= Exercise objective =
Everything from the line containing "However, Varun soon" down to the last line below should be set down exactly, and only that, without the pictures.

-=-=-

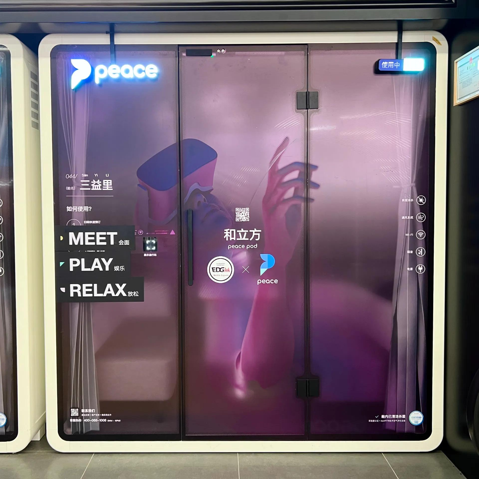 Peace is the world's first Privacy On Demand service, a city-wide network of smart private 'Peace Pods' in shopping malls, office buildings, residential complexes, transportation hubs, and other buildings. DIRECTIONS: KNOWIN店铺对面手扶梯旁
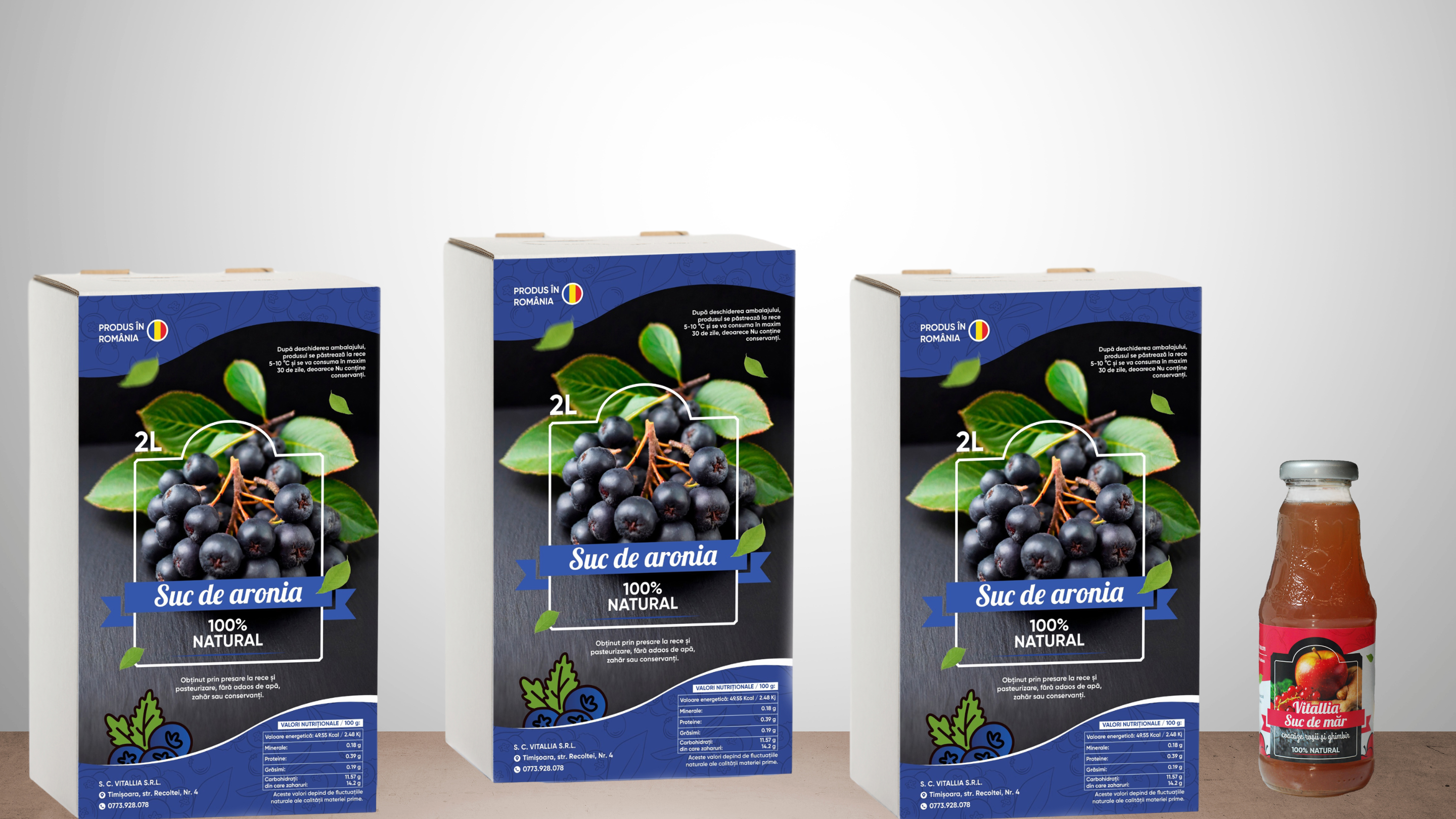 Te invităm să te bucuri de prospețimea și sănătatea oferită de sucurile noastre autentice! Pentru fiecare comandă de 3 sucuri de aronia la 2 litri, primești CADOU un suc de măr și coacaze! 🌟
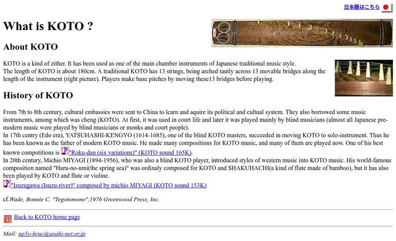 A personal site with a description of the Koto, a large traditional Japanese zither-like instrument. Includes pictures.
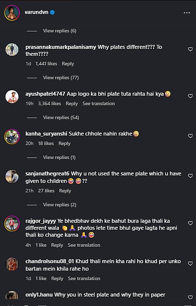 However, Varun soon became a target of trolling. Netizens pointed out that while the children were served food in disposable plates, the actor himself was eating from a steel plate. Adding to it, many noticed that Varun’s steel plate appeared slightly broken on one side. "Such a big actor, but eating on a broken plate," one user wrote.
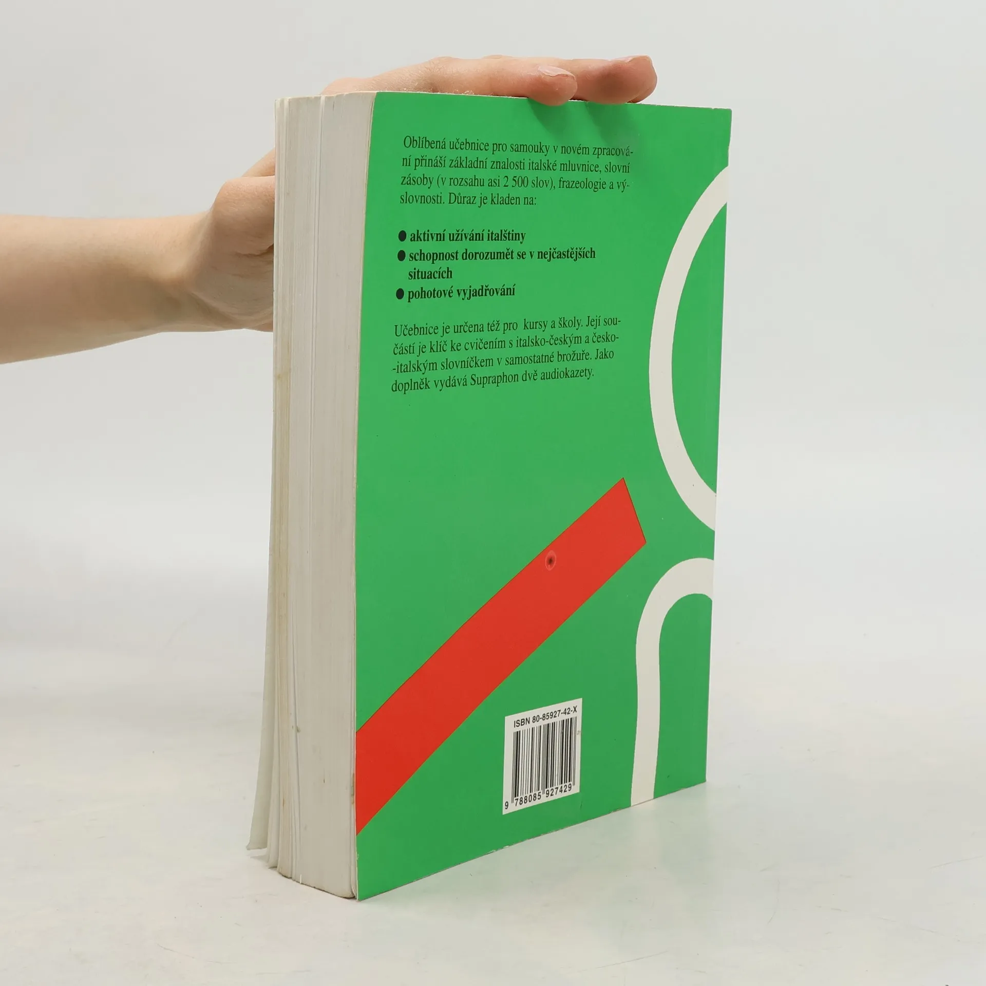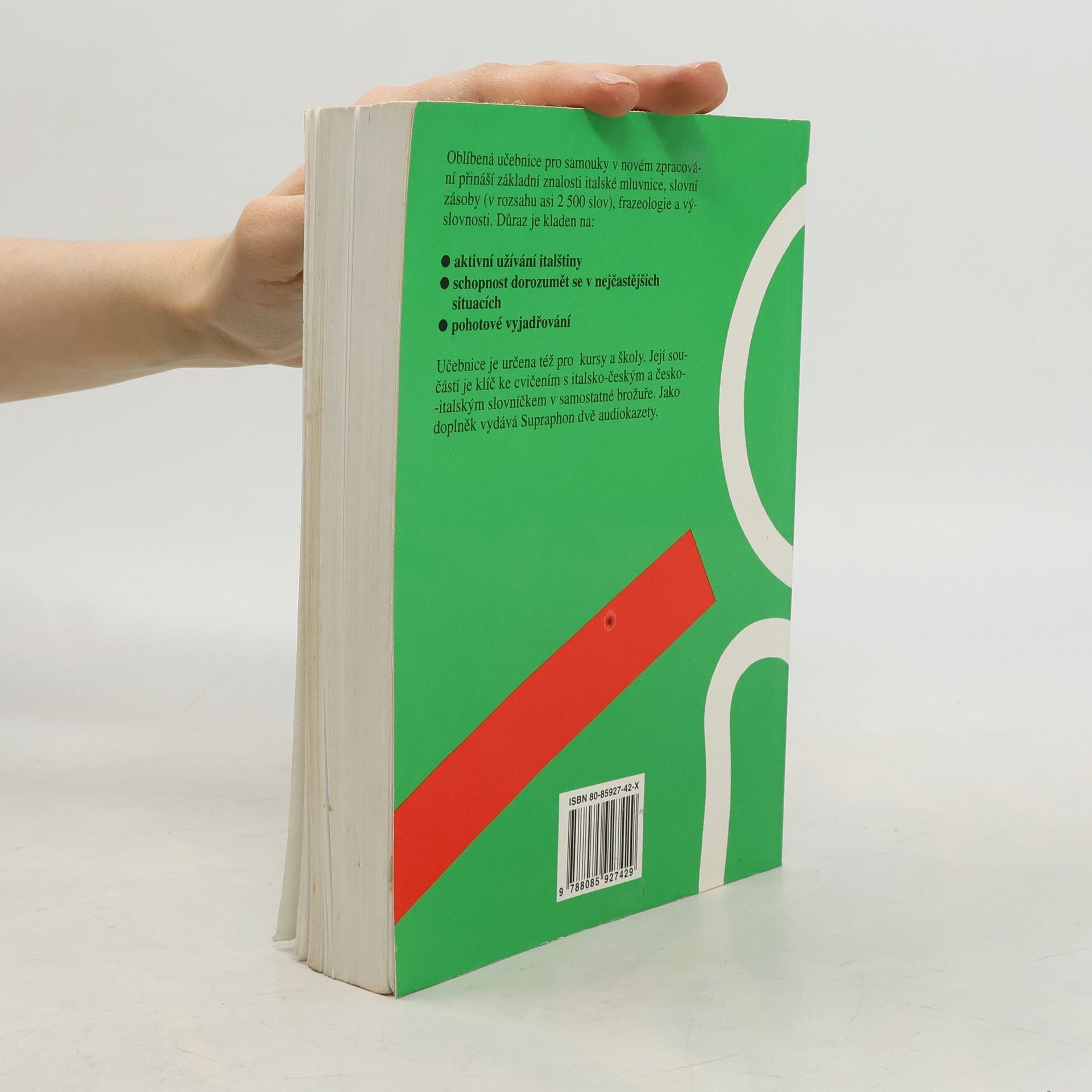 Oblíbená učebnice pro samouky v novém zpracování přináší základní znalosti italské mluvnice, slovní zásoby (v rozsahu asi 2500 slov ), frazeologie a výslovnosti. Důraz je kladen na: aktivní užívání italštiny schopnost dorozumět se v nejčastějších situacích pohotové vyjádřováníUčebnice je určena též pro školy a kursy. Její součásti je brožura obsahující klíč ke cvičením s italsko-českým a česko-italským slovníčkem. Jako samostatný doplněk vydává Supraphon audionahrávku.

-=-=-

= Solution =
 However, Varun soon became a target of trolling. Netizens pointed out that while the children were served food in disposable plates, the actor himself was eating from a steel plate. Adding to it, many noticed that Varun’s steel plate appeared slightly broken on one side. "Such a big actor, but eating on a broken plate," one user wrote.
 Oblíbená učebnice pro samouky v novém zpracování přináší základní znalosti italské mluvnice, slovní zásoby (v rozsahu asi 2500 slov ), frazeologie a výslovnosti. Důraz je kladen na: aktivní užívání italštiny schopnost dorozumět se v nejčastějších situacích pohotové vyjádřováníUčebnice je určena též pro školy a kursy. Její součásti je brožura obsahující klíč ke cvičením s italsko-českým a česko-italským slovníčkem. Jako samostatný doplněk vydává Supraphon audionahrávku.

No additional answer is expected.